Shanghai Key Lab of Intelligent Information Processing, Fudan University, Shanghai, China.
School of Computer Science and Technology, Fudan University, Shanghai, China.
BMC Bioinformatics. 2022 May 5;23(1):161. doi: 10.1186/s12859-022-04703-0.
With the development of modern sequencing technology, hundreds of thousands of single-cell RNA-sequencing (scRNA-seq) profiles allow to explore the heterogeneity in the cell level, but it faces the challenges of high dimensions and high sparsity. Dimensionality reduction is essential for downstream analysis, such as clustering to identify cell subpopulations. Usually, dimensionality reduction follows unsupervised approach.
In this paper, we introduce a semi-supervised dimensionality reduction method named scSemiAE, which is based on an autoencoder model.
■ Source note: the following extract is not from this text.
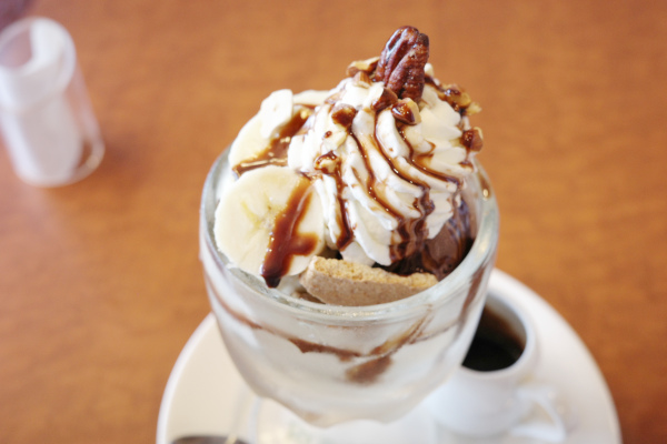 この写真は分かり辛いけど、かなりボリューミーなパフェ。甘い。うまい。安い(それなりに)。
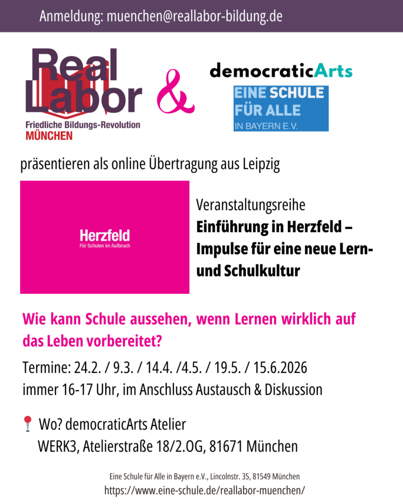 Die Herzfeld-Reihe zeigt Lernformate, die Schulen entlang der vier UNESCO-Säulen des Lernens weiterentwickeln: Wissen erwerben, handeln, zusammenleben und sein. Projektbasiertes Lernen, Verantwortung übernehmen und Lernen durch Engagement stehen im Mittelpunkt.

It transfers the information contained in available datasets with cell subpopulation labels to guide the search of better low-dimensional representations, which can ease further analysis.
Experiments on five public datasets show that, scSemiAE outperforms both unsupervised and semi-supervised baselines whether the transferred information embodied in the number of labeled cells and labeled cell subpopulations is much or less.
随着现代测序技术的发展,数以十万计的单细胞 RNA 测序(scRNA-seq)图谱允许在细胞水平上探索异质性,但它面临着高维数和高稀疏性的挑战。降维对于下游分析至关重要,例如聚类以识别细胞亚群。通常,降维遵循无监督方法。
在本文中,我们介绍了一种基于自动编码器模型的半监督降维方法,名为 scSemiAE。它将带有细胞亚群标签的可用数据集所包含的信息转移过来,以指导更好的低维表示的搜索,从而可以简化进一步的分析。
在五个公共数据集上的实验表明,无论转移的信息体现在标记细胞的数量和标记细胞亚群上,scSemiAE 都优于无监督和半监督基线。